◆ Try it: Each line below must be transcribed exactly, and no picture may appear in the transcription.

[Information shown Boundary: Start]

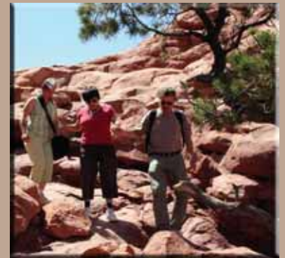
Hiking in Arches National Park
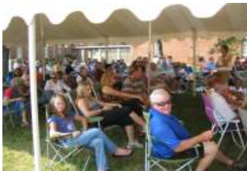
Worshippers stay cool underneath tent during July 4th outdoor service.
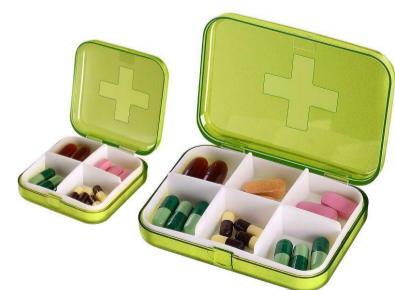
A Personal Medicines

[Information shown Boundary: End]

◆ Task response:
Hiking in Arches National Park
Worshippers stay cool underneath tent during July 4th outdoor service.
A Personal Medicines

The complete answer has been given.